I wanted to take a few moments and review the past year and thank all the avenues and people for the support that they have given me. This past 16 months has been an amazing journey for me. I have seen the darkest hours and I have seen the brightest of hope. I have seen how to put recovery into action and I have seen what it does if no action is taken. I have and continue to be active in my rolls in recovery. However, having so much support around me helps so much.
Yesterday I was working on my bike and had Jake over to help out. We were discussing recovery and how others can get help. Jake just rolled out a site and I encourage all to check it out. it can be found at recoverywithjake.org Sitting in my garage with a good friend and knowing that if I need him to help me through a tough time and that he will be there for me is huge. I think that men in general feel so weak if we need to ask for help. In recovery, I see this all the time. Men falling down because they are simply not asking for help. I understand that prayer and help from the Savior is the first place support should be sought from. I also believe that the Lord placed each of us on the earth to help others and that he wants us to learn from these type of experiences. If the Lord did not work through others then what is our purpose in creating bonds with each other?
I admit, when I was in my addiction I was too prideful to reach out for help. I though I could handle it and that this was something only I could fix. Wow, how wrong was I. After nearly 16 months of sobriety I have realized that I have needed everyone and every resource to get to where I am. My Mom and Dad have been there and will continue to be there for me. I have felt their love and support from day one when I was sitting on their couch telling them everything that I had been through. I am still so grateful for their reaction. They wrapped me in their arms and told me that we will get through this. My in-laws have been the same way. Although I know they are still very hurt at the pain I have caused their daughter, I still feel love from them. I know that at any time I could reach out to any of my family members and get support from them.
All of the support group brothers that I have are more than amazing.
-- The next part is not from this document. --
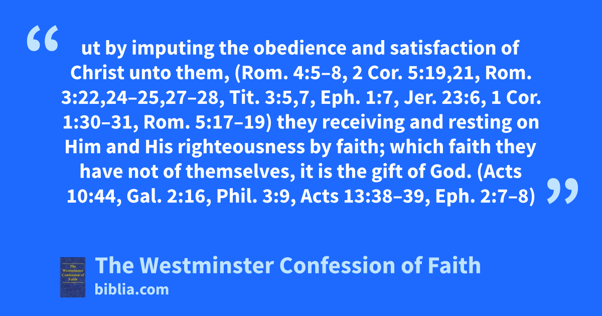 ut by imputing the obedience and satisfaction of Christ unto them, (Rom. 4:5–8, 2 Cor. 5:19,21, Rom. 3:22,24–25,27–28, Tit. 3:5,7, Eph. 1:7, Jer. 23:6, 1 Cor. 1:30–31, Rom. 5:17–19) they receiving and resting on Him and His righteousness by faith; which faith they have not of themselves, it is the gift of God. (Acts 10:44, Gal. 2:16, Phil. 3:9, Acts 13:38–39, Eph. 2:7–8)
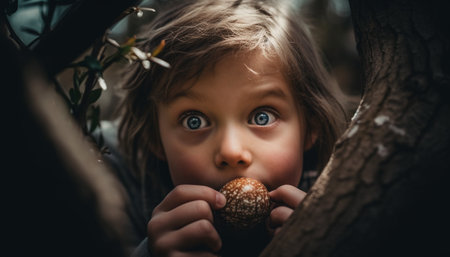 Smiling girl holding fruit, enjoying nature beauty generated by artificial intelligence

I have such great respect for those who are in recovery and still fight for freedom from addiction. The bonds I create and maintain help me through each day of my life.
The love of the Savior at times is tangible but is more frequently felt through others. As I have been very blessed in my recovery I hope that I can be of support to others who are struggling or just be a good friend to those who are in need of a friend.
Finding the right kind of support is critical. I don't believe that anyone can recover from addiction without support from others. I am so grateful for the support I continue to get and so I fight. I will fight for the love and support of others and more importantly the love of my Savior.